We earlier submitted a report we headlined as "USDOE Hydrogasifies Coal, Recycles Carbon", in which we disclosed "United States Patent 3,988,123 - Gasification of Carbonaceous Solids; October, 1976", the revelation of a technology owned by the US Government, wherein Coal, and other "carbonaceous solids", could be gasified with Steam to produce an hydrogenated "fuel gas or synthesis gas".
Herein, we see that our Department of Energy was about half a century late in recognizing, developing - and then stuffing away into some sort of sealed lockbox, or rat hole - such technology.
We have previously documented that the Steam gasification of Coal, to produce a synthetic "natural" gas, which includes a high percentage of Methane, which as you should by now know has some special potentials, through bi-reforming and tri-reforming technologies, related to the recycling of Carbon Dioxide, has been practiced for a long time, generating vaporous fuels known, among other names, as "Producer Gas" and "Town Gas".

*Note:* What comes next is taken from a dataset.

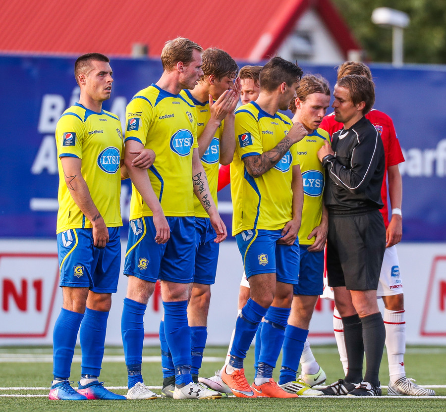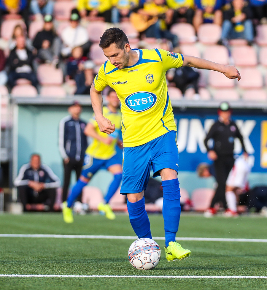 Aukaspyrna inn á teiginn sem Jajalo kýlir burt. Einar Karl fær boltann í vítateigsboganum og á skot framhjá. Jajalo liggur eftir og vill fá aukaspyrnu en Jarlinn hlustar ekki á það.

Herein, via the enclosed link and attached document, we see that the US Government officially acknowledged all the way back in 1923 that both Coal and Carbon-recycling Cellulose could be gasified, together, with Steam, to generate an hydrogenated gas which, we submit and assert, would be ideally suited for further Fischer-Tropsch, and related, catalytic condensation into liquid hydrocarbon fuel.
Some further explanatory comment follows excerpts from the enclosed link to, and attached file of:
"United States Patent 1,467,957 - Method of Generating Gas
Date: September, 1923
Inventor: Frederick Snyder, Illinois
Abstract: The method of the invention enables the employment of a single generator that holds carbonaceous fuel and in the lower part of which a fixed gas is produced which is preferably a water gas or a mixture of water gas and producer gas. The heat of the ascending gas serves to distill carbonaceous fuel (and thus) produce other gases and attendant by-products.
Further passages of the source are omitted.